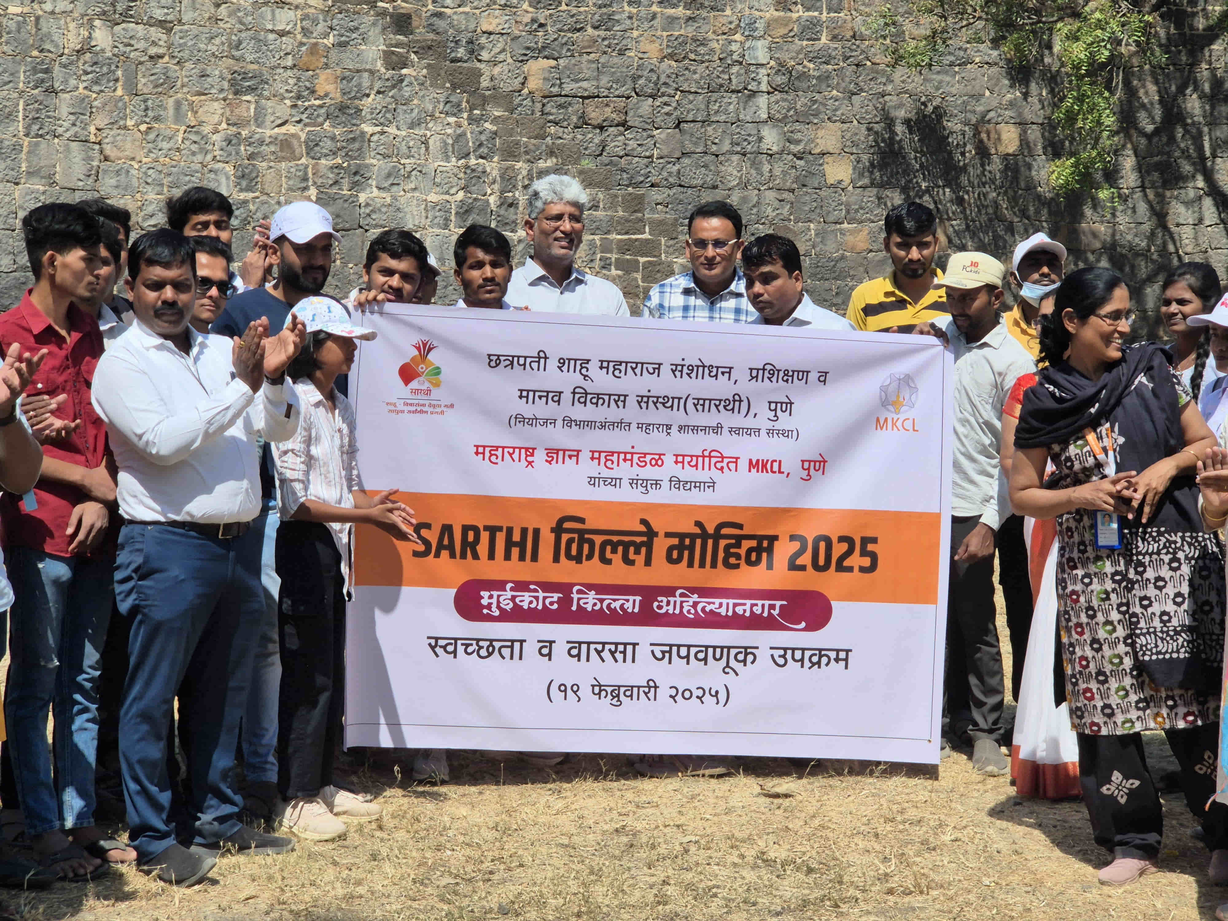 छत्रपती शिवाजी महाराजांच्या जयंतीनिमित्त १९फेब्रुवरी २०२५ रोजी सारथी व MKCL यांच्या संयुक्त विद्यमानाने किल्ले स्वच्छता अभियान राबविण्यात आले
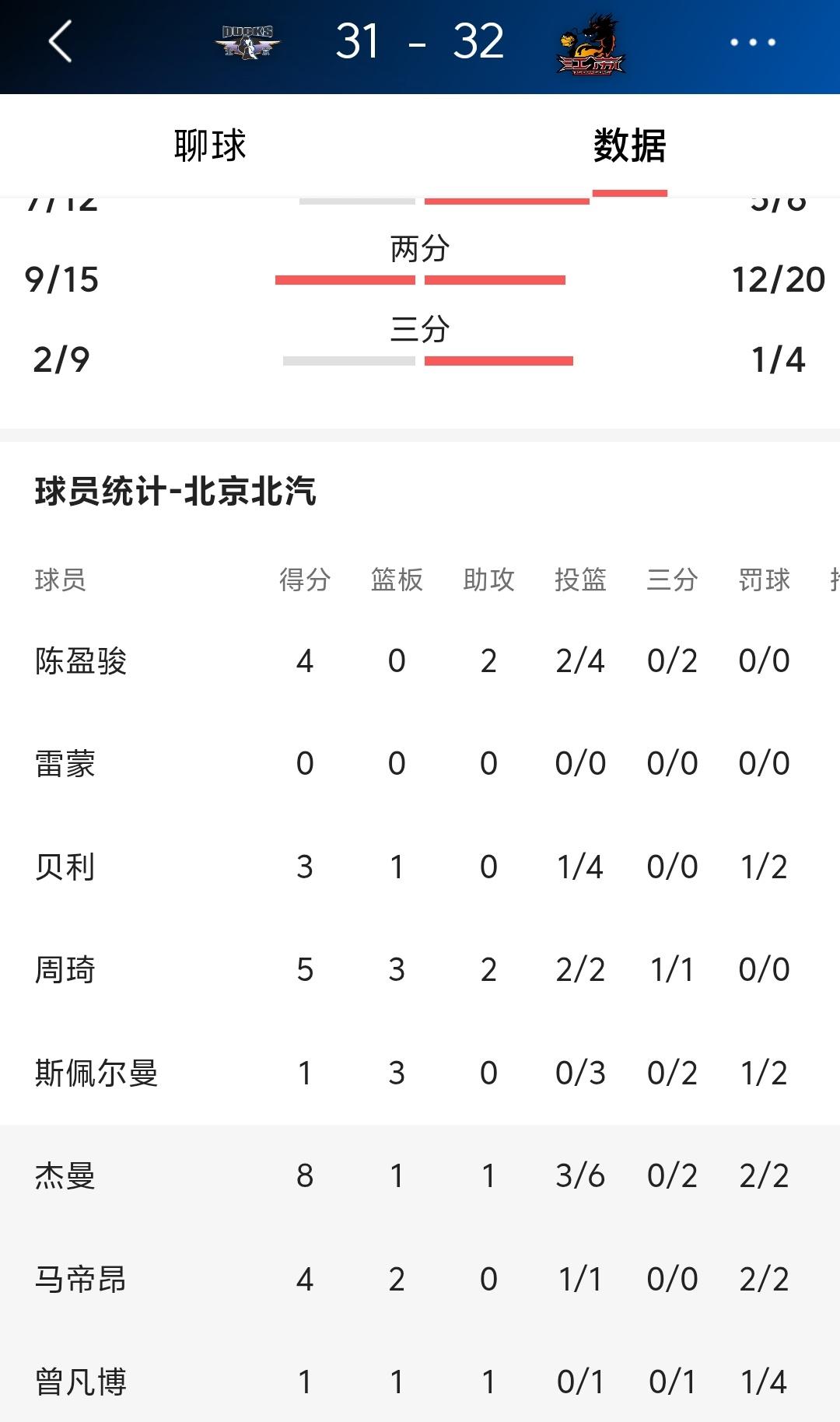 曾凡博这数据让人看的很迷茫,上场7分钟,4罚1中拿1分,上一场赛后许利民指导批评的的球员虽然没点名但是应该有曾凡博吧,北京北汽这些球员咋了,都成大爷了?
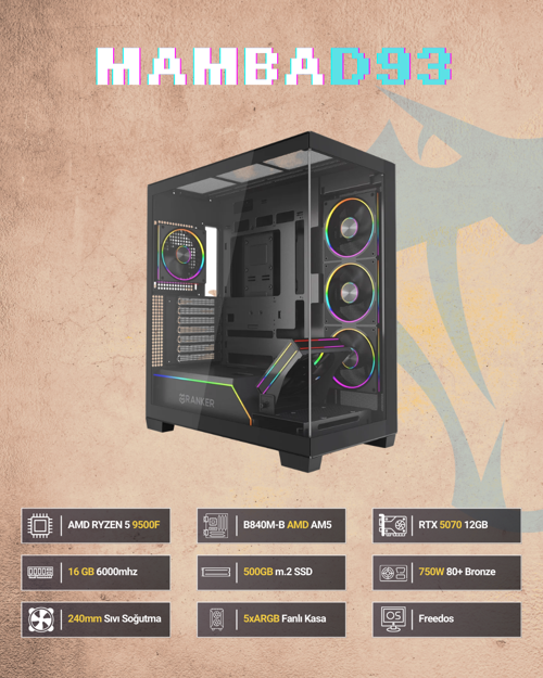 Sinerji Mamba D93 oyuncu bilgisayarı, yüksek performans arayan oyuncular için tasarlanmış güçlü bir sistemdir. Ryzen 5 9500F işlemcisi ile donatılan bu sistem, modern oyunların ve ağır uygulamaların sorunsuz çalışmasını sağlar. 16GB RAM kapasitesi, çoklu görev yönetiminde üstün performans sunarken, 500GB SSD ile hızlı açılış süreleri ve veri transferi deneyimleyeceksiniz. RTX 5070 ekran kartı, en son oyunları yüksek grafik ayarlarında akıcı bir şekilde oynamanızı mümkün kılar. 240MM sıvı soğutma sistemi, yoğun oyun seansları sırasında bile sistemin serin kalmasını ve optimum performansta çalışmasını garanti eder. FreeDOS işletim sistemi ile gelen bu bilgisayar, tercih ettiğiniz işletim sistemini yükleme özgürlüğü sunar. OEM paket olarak sunulan bu oyuncu bilgisayarı, rekabetçi oyunlar ve yüksek kaliteli görsel deneyimler için ideal bir seçimdir.
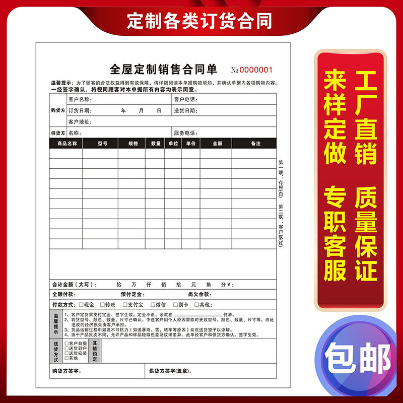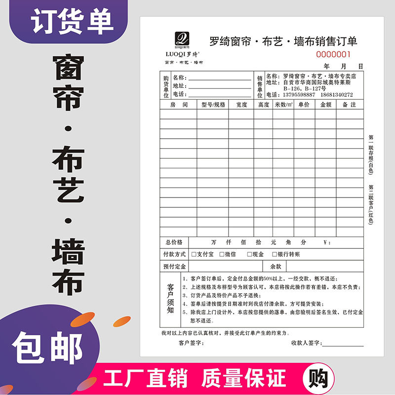送货单定做三联二联家具窗帘订货单门窗销售销货清单全屋定制合同
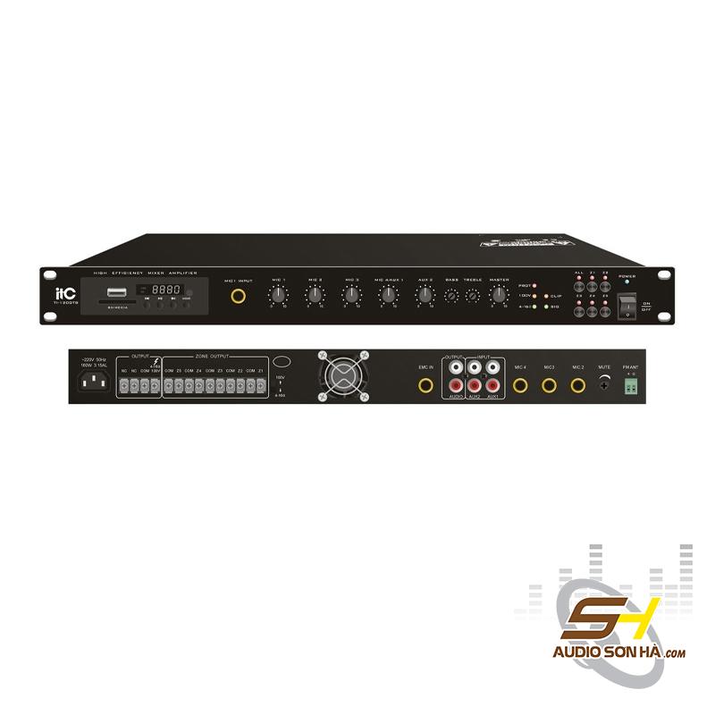 ITC TI-1206S 120W, 6 vùng độc lập. Tính năng: MP3 LCD, FM/Bluetooth, general alarm. Lợi ích: Bass đều, ưu tiên EMC, cho cửa hàng lớn. Tần 80Hz-16kHz, 6.7kg. Giá liên hệ.
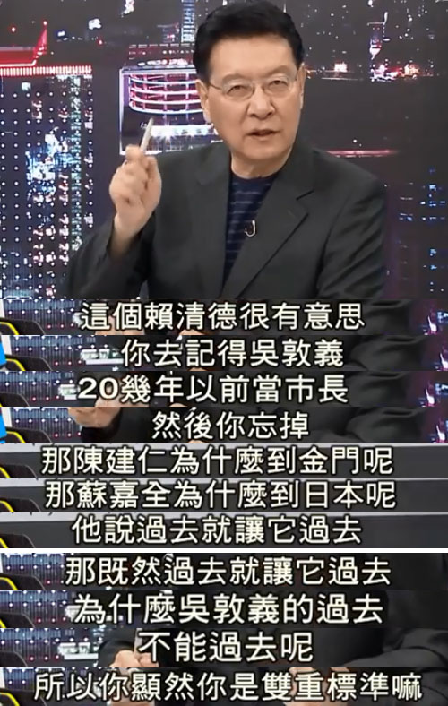 既然陳建仁、蘇嘉全、邱議瑩的過去能過去,那么為何吳敦義的過去不能過去呢?對此,趙少康給出了答案:雙重標準。
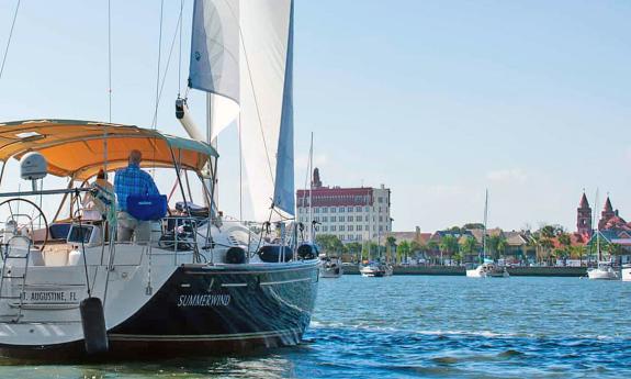 Sailing adventures can include time to anchor near a popular swimming spot where kayaks or a water swim platform can be enjoyed while the crew barbecues lunch or an early dinner. Charter guests may ask the captain and crew to take the boat through the St. Augustine Inlet for a sail along the Northeast Florida Coast.
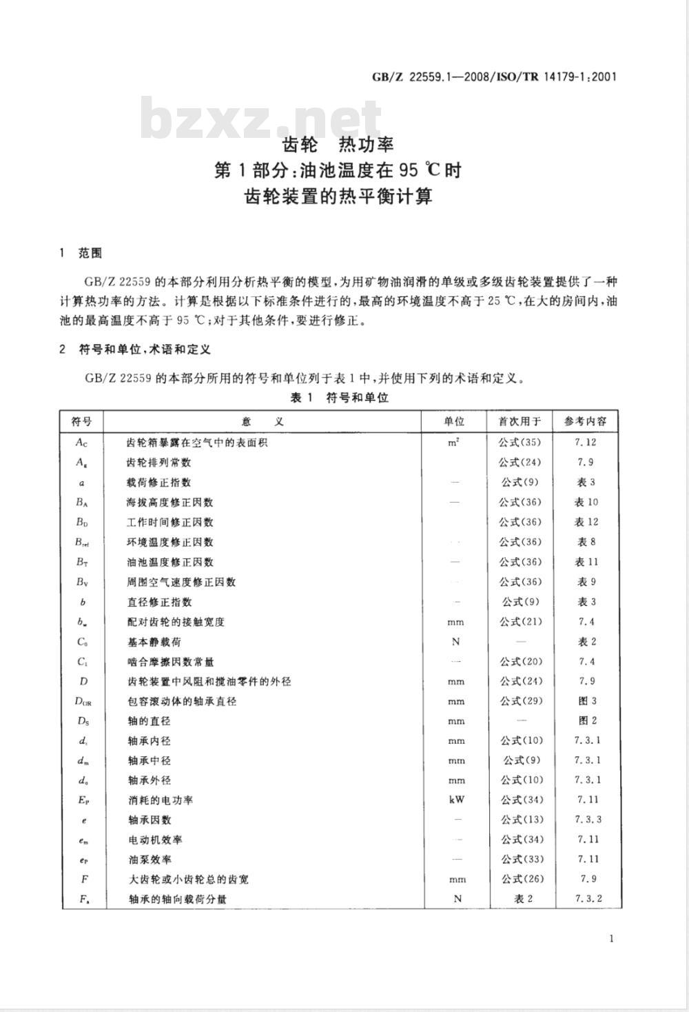GB/Z22559的本部分利用分析热平衡的模型,为用矿物油润滑的单级或多级齿轮装置提供了一种计算热功率的方法。计算是根据以下标准条件进行的,最高的环境温度不高于25℃,在大的房间内,油池的最高温度不高于95℃;对于其他条件,要进行修正。2符号和单位,术语和定义
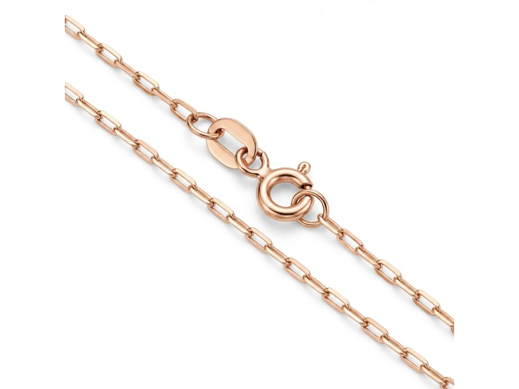 Zlatý pevný řetízek typu anker v růžovém 14ti karátovém zlatě ryzosti 585/1000 o délce 42 a 45cm na zápon SK kroužek. Šíře řetízku je 1.4mm.
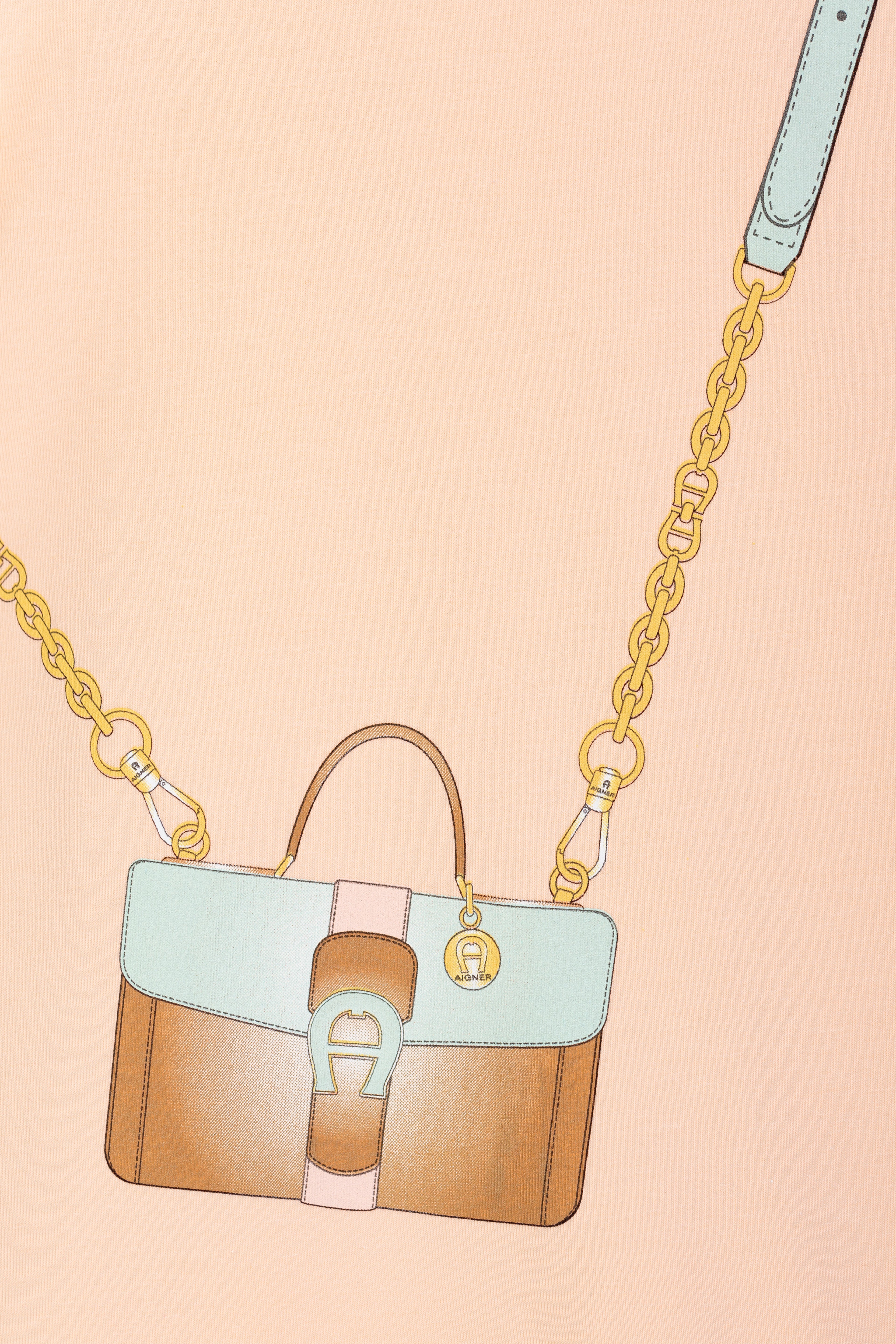 • Features an iconic Aigner purse print with gold-tone details for elegance

→ **WORK REQUEST**
Give back exactly the lines from the line with "Sailing adventures can" through the final line of the entries above, and keep pictures out of the copy.

→ **ANSWER TO THIS EXERCISE**
 Sailing adventures can include time to anchor near a popular swimming spot where kayaks or a water swim platform can be enjoyed while the crew barbecues lunch or an early dinner. Charter guests may ask the captain and crew to take the boat through the St. Augustine Inlet for a sail along the Northeast Florida Coast.
GB/Z22559的本部分利用分析热平衡的模型,为用矿物油润滑的单级或多级齿轮装置提供了一种计算热功率的方法。计算是根据以下标准条件进行的,最高的环境温度不高于25℃,在大的房间内,油池的最高温度不高于95℃;对于其他条件,要进行修正。2符号和单位,术语和定义
 Zlatý pevný řetízek typu anker v růžovém 14ti karátovém zlatě ryzosti 585/1000 o délce 42 a 45cm na zápon SK kroužek. Šíře řetízku je 1.4mm.
 • Features an iconic Aigner purse print with gold-tone details for elegance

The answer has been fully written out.